#### WHAT IS NEEDED:
Please repeat exactly the lines below from the line with "最后一个游戏互动,是气氛最热" to the line with "Slim fitting zip", including both, and leave out every picture.

#### THE INPUT:
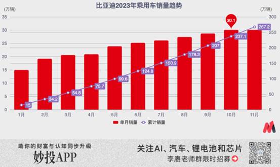 參考比亞迪乘用車在2023年前三季度的銷售與財務結果,其12月銷量大概率能維持在30萬輛水平,即便全年無法超過300萬輛,四季度總銷量超過90萬輛也不難達到。
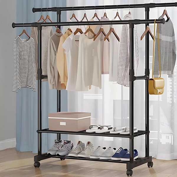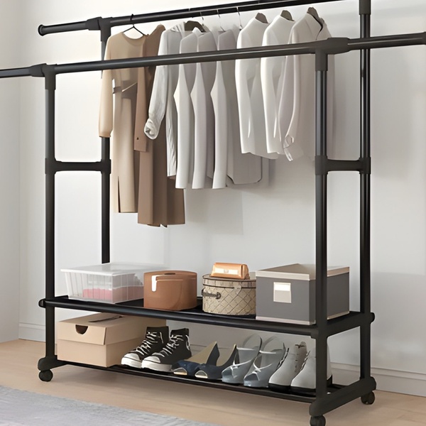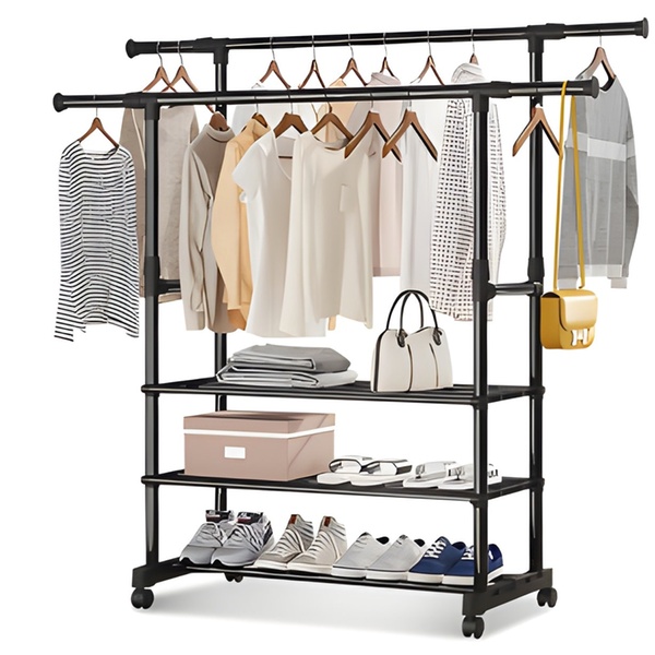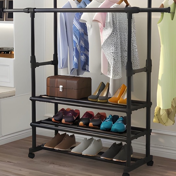 - Kleiderständer mit integrierten Ablageflächen für Schuhe und Accessoires
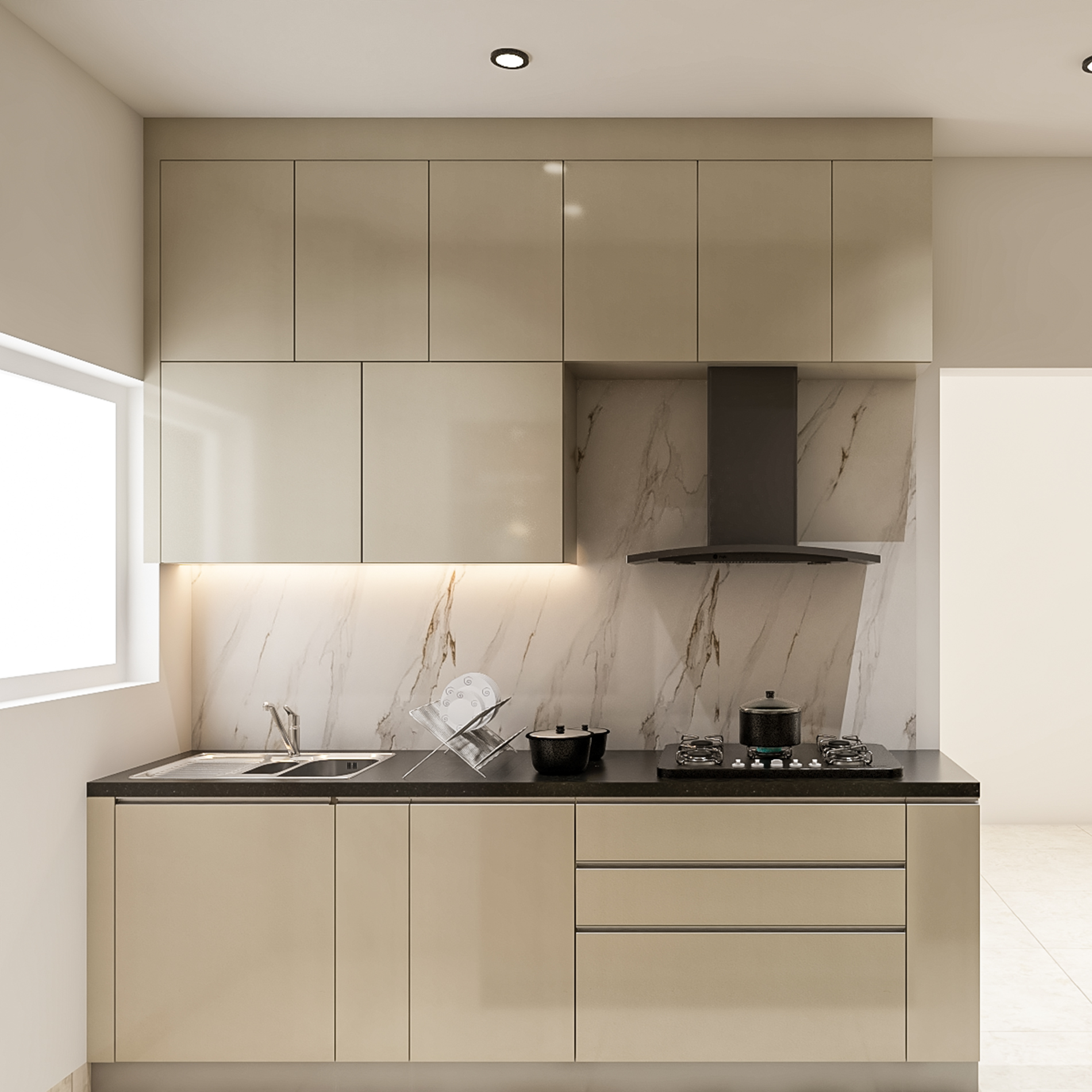 Open kitchen designs look best when they are minimalistic. If you have a compact kitchen, opt for clean linear finishes for a fuss-free aesthetic. Choose brighter colours and smooth laminates that blend well with the rest of your kitchen and the light. When deciding countertops and appliances, go for non-bulky finishes with thinner builds to give your kitchen a sleek look.
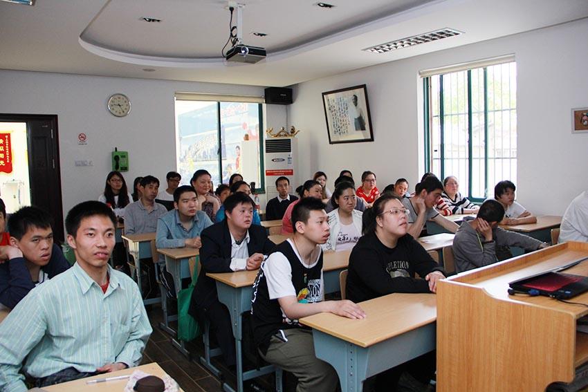 最后一个游戏互动,是气氛最热烈的一个环节。游戏分成对抗的两个组,每个组由阳光之家的学员和志愿者们共同组成,游戏时每组选出两个阳光之家的学员选手面对大家,小组其余的成员用自己的肢体和语言来提示选手背后投影上的词语。所有学员的参与热情都被调动起来了!无论是志愿者还是阳光之家的学员,为了能让小伙伴猜中词语都使出浑身解数,也都乐在其中。两组竞猜结束后大家仍兴致盎然,于是天创志愿和影工系志愿者各派出一名代表再进行一轮游戏。学员们单纯的笑容,积极的表现,充满教室的欢声笑语,给了这次活动一个完满的收尾。
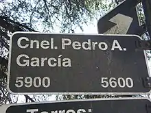 En homenaje a este prócer, la ciudad de Buenos Aires le rindió su homenaje imponiendo a unas de sus calles el nombre de «Coronel Pedro Andrés García». También llevan su nombre calles de las ciudades de San Antonio Oeste y Trelew, de la Patagonia Argentina.
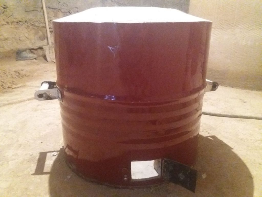 На сутки бочка заполняется водой, во время чего разводится эластичная глиняная смесь с песком и шерстью. По прошествии суток вода сливается, емкость просыхает, смазывается растительным маслом изнутри. Затем проходит смазка внутренних стен бочки наносится глиняная смесь, чем выше к горлышку, тем слой должен быть толще. В нижней части бочки делается отверстие для подвода воздуха.
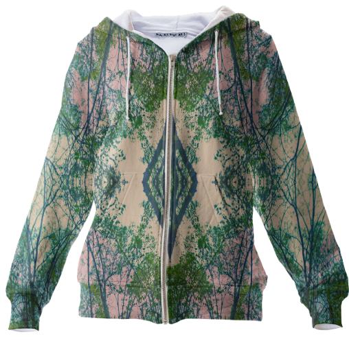 Slim fitting zip up hoodie with front kangaroo pockets metal zipper and drawstring hood.
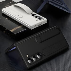 Samsung Galaxy Z Fold Protective Cover ? Experience top-notch protection and elegance for your premium device. This durable case is designed specifically for Samsung Galaxy Fold 6, ensuring a perfect fit and superior style. Made with high-quality materials, it shields your phone from drops, scratches, and daily wear. The integrated kickstand allows you to enjoy hands-free video calls, watching movies, and reading. A built-in wrist strap ring ensures a secure grip while adding comfort and convenience for long-term use.
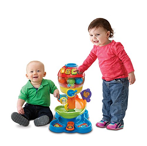There's so much to explore with the Spin and Learn Ball Tower by VTech. Drop the colorful balls into the top of the ball tower and listen as it identifies the color or the animal on the ball. Once the balls are inside, twist the knob and watch as they spin around inside the clear dome. Your little one will then hear fun sounds and phrases as the balls fall onto the track. As the balls spiral down the track, little learners can build motor skills by moving the gates to start and stop balls along the way. Four light-up buttons introduce numbers, colors, insects and playful songs. Drop, spin and learn! Requires 2 AAA batteries (batteries included for demo purposes only; new batteries recommended for regular use). Intended for ages 9 months to 3 years.Feature
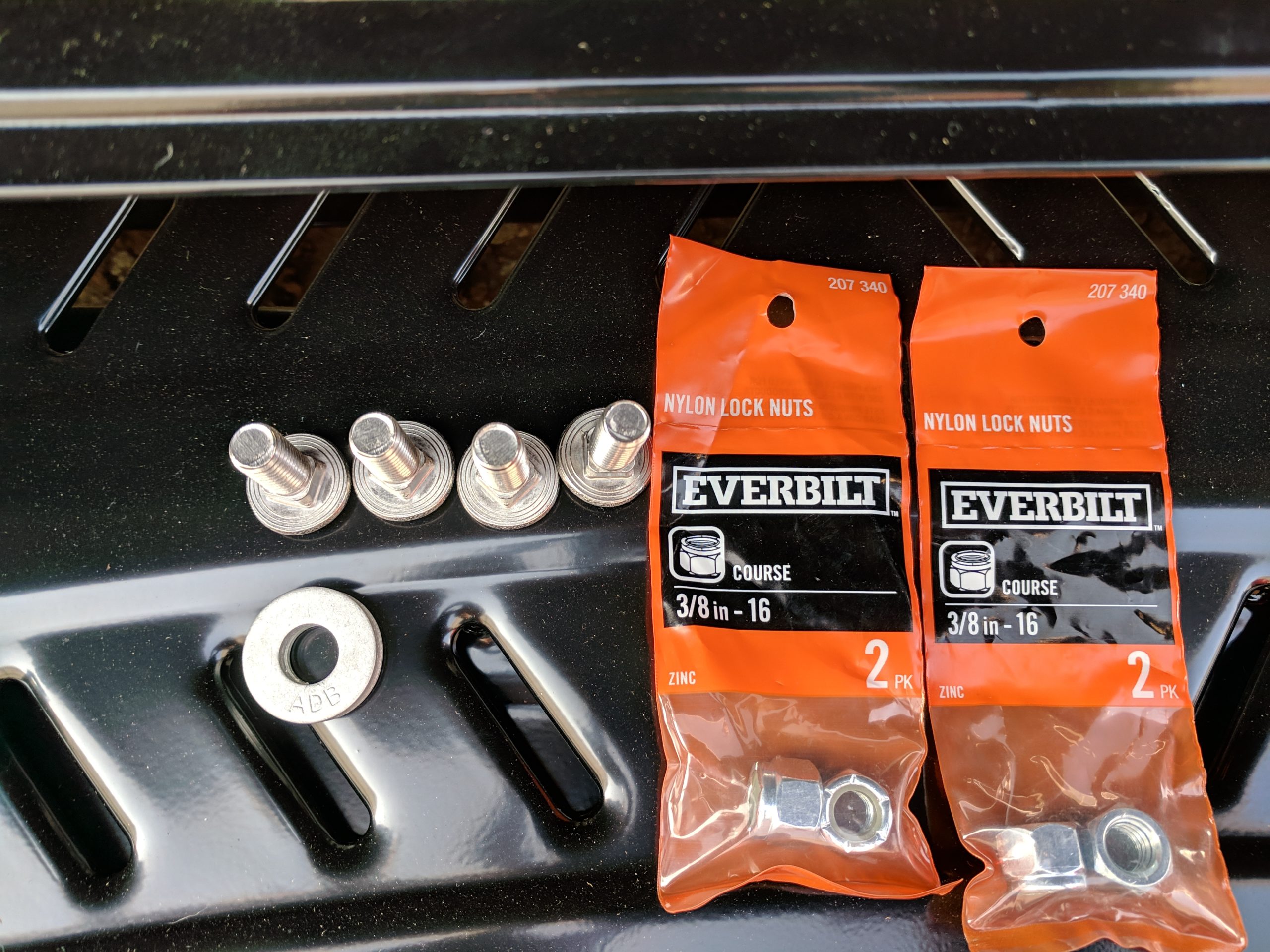 Before installing the new steps, I painted the bracket with some Rustoleum while I had the stairs out. You don’t need to do this, but it was an extra step that I did while I had access. Another thing I got was new hardware for mounting the steps. I could have reused the old hardware, but for only a couple of dollars, I replaced it.
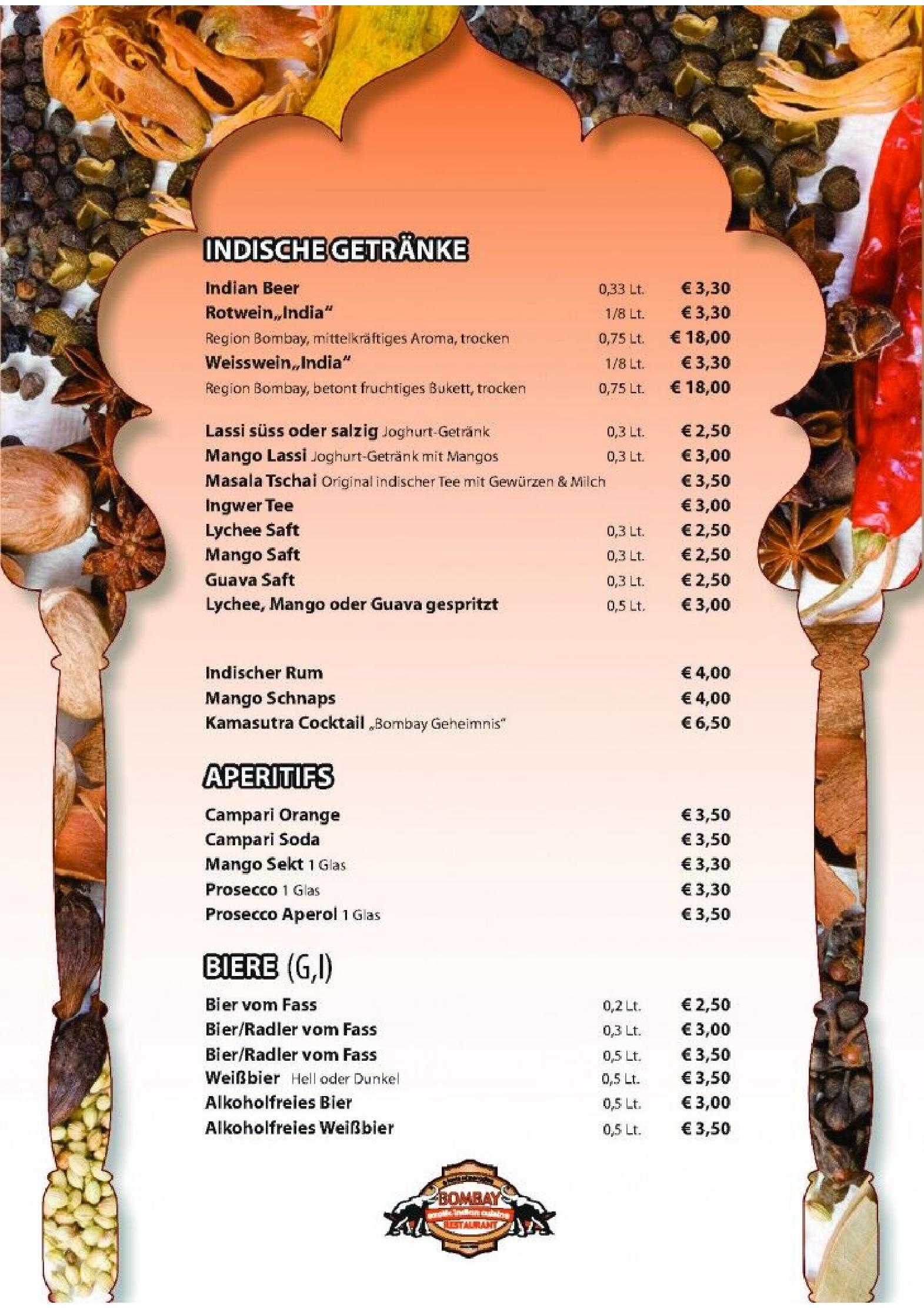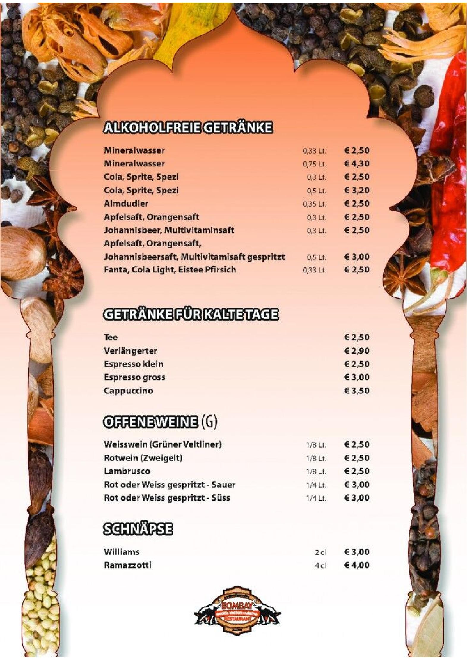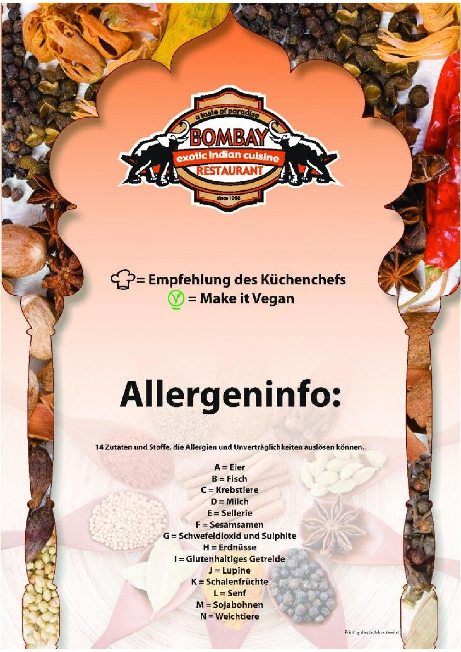 Download der Speisekarte des Bombay Restaurants in Kufstein im PDF-Format
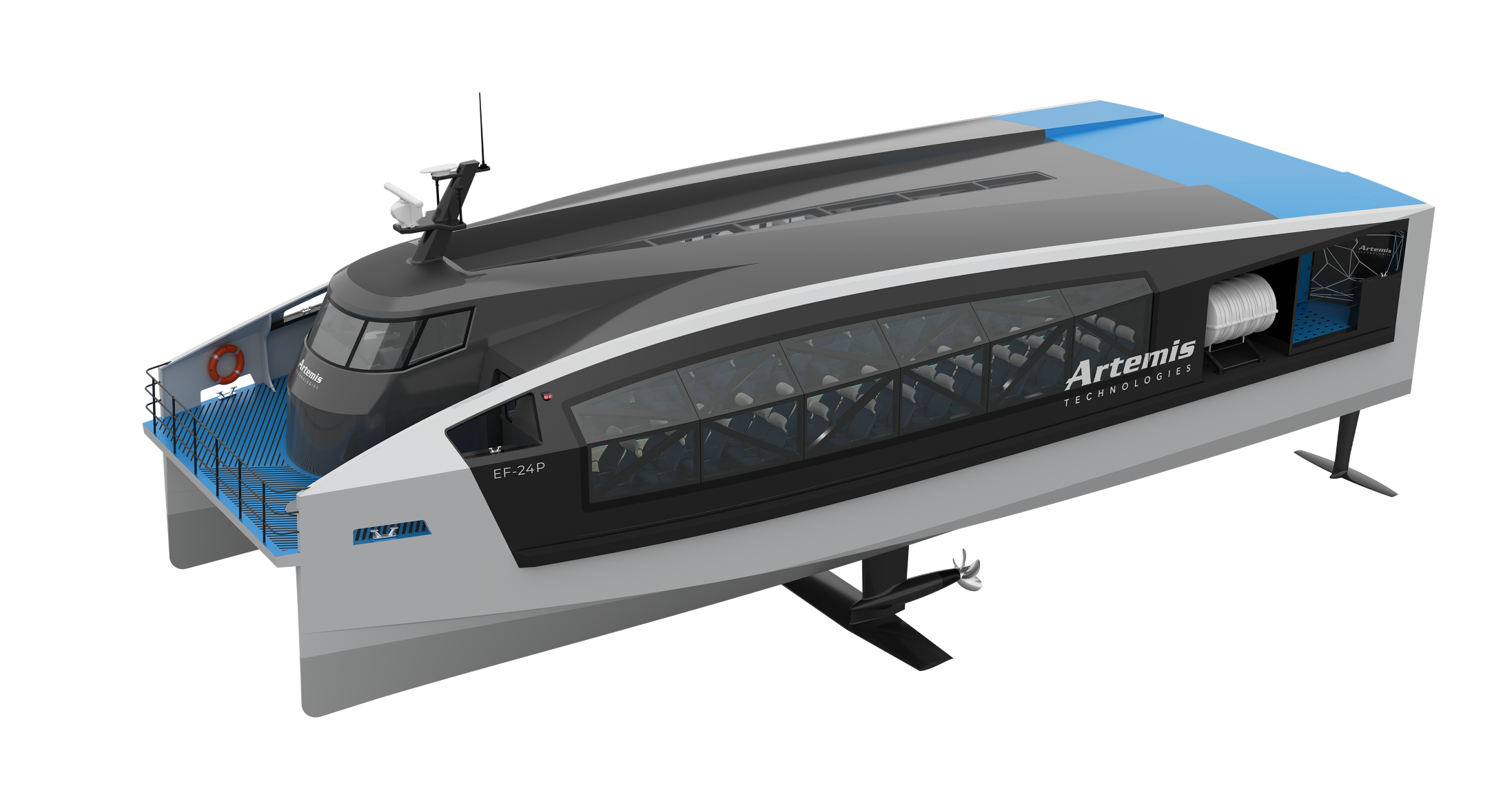 Artemis kısa süre önce duyurdu üç adet EF-24 hidrofoil elektrikli feribotun Beflast'a başarıyla teslim edildiğini duyurdu. Artemis EF-24 Yolcu, yüksek hızlı bir feribot olarak kabul edilir ve esas olarak Doğu Asya'da kullanılan Boeing 929'a (jetfoil) benzer, ancak önemli ölçüde daha büyük olan su üzerinde hareket etmek için hidrofoilleri kullanır.
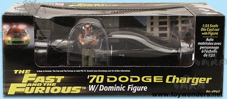 864962 REVELL - "The Fast and the Furious" Dodge Charger Scale: 1:25 Dimensions: 7.5"L x 2.5"W Dodge Charger die cast muscle car with opening hood and detailed engine. A 2.75" tall Dominic figure is included. Box: 10.5"L x 4"H x 5.5"W Color: Black
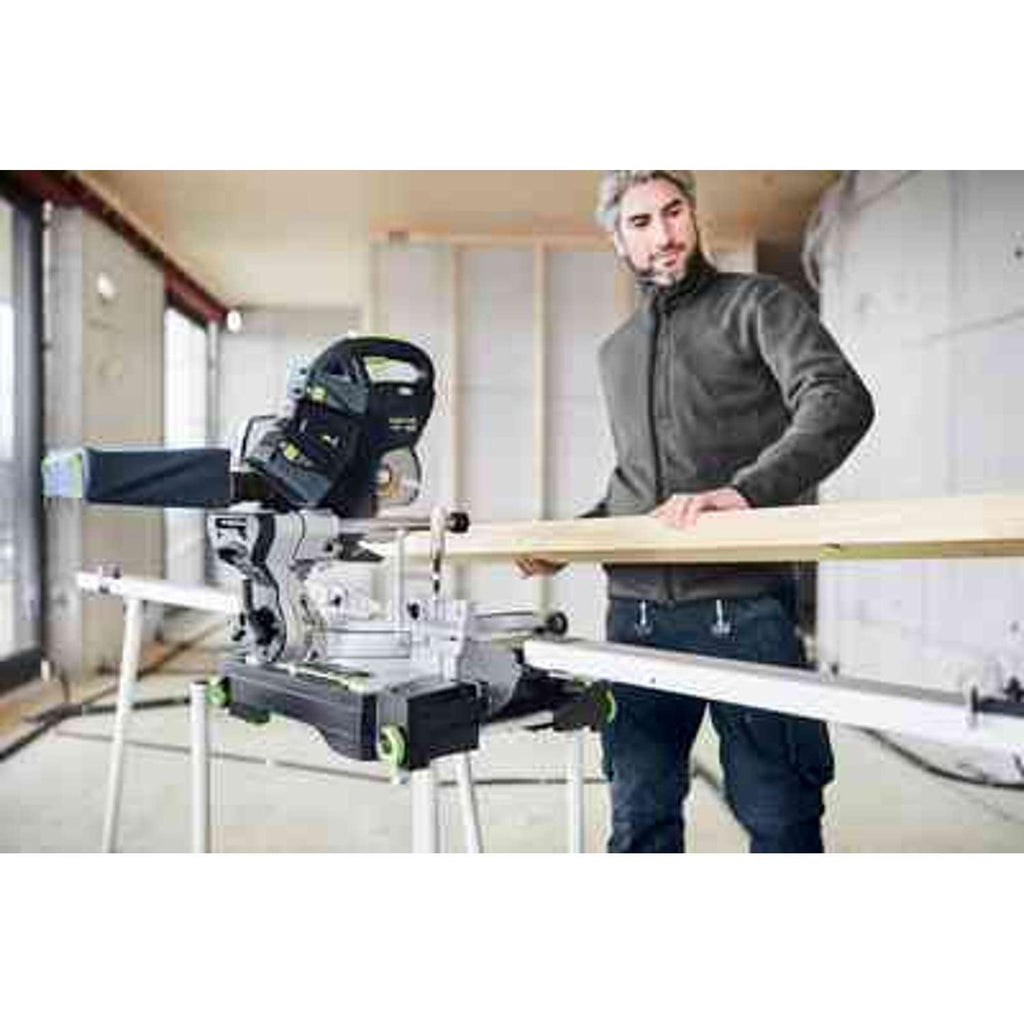 rundsavklinge WOOD UNIVERSAL HW 216x2,3x30 W36, skruetvinge FSZ 120, LED belysning til skygge linje, smigvinkel, forhøjningsfødder, støvpose, Energi-Set SYS 18V 2x5,2/TCL 6 DUO, transportabel arbejdsstation, afkorteranslag KA-UG-KS 60 R/L, unbrakonøgle 6 mm

#### EXPECTED ANSWER:
 最后一个游戏互动,是气氛最热烈的一个环节。游戏分成对抗的两个组,每个组由阳光之家的学员和志愿者们共同组成,游戏时每组选出两个阳光之家的学员选手面对大家,小组其余的成员用自己的肢体和语言来提示选手背后投影上的词语。所有学员的参与热情都被调动起来了!无论是志愿者还是阳光之家的学员,为了能让小伙伴猜中词语都使出浑身解数,也都乐在其中。两组竞猜结束后大家仍兴致盎然,于是天创志愿和影工系志愿者各派出一名代表再进行一轮游戏。学员们单纯的笑容,积极的表现,充满教室的欢声笑语,给了这次活动一个完满的收尾。
 En homenaje a este prócer, la ciudad de Buenos Aires le rindió su homenaje imponiendo a unas de sus calles el nombre de «Coronel Pedro Andrés García». También llevan su nombre calles de las ciudades de San Antonio Oeste y Trelew, de la Patagonia Argentina.
 На сутки бочка заполняется водой, во время чего разводится эластичная глиняная смесь с песком и шерстью. По прошествии суток вода сливается, емкость просыхает, смазывается растительным маслом изнутри. Затем проходит смазка внутренних стен бочки наносится глиняная смесь, чем выше к горлышку, тем слой должен быть толще. В нижней части бочки делается отверстие для подвода воздуха.
 Slim fitting zip up hoodie with front kangaroo pockets metal zipper and drawstring hood.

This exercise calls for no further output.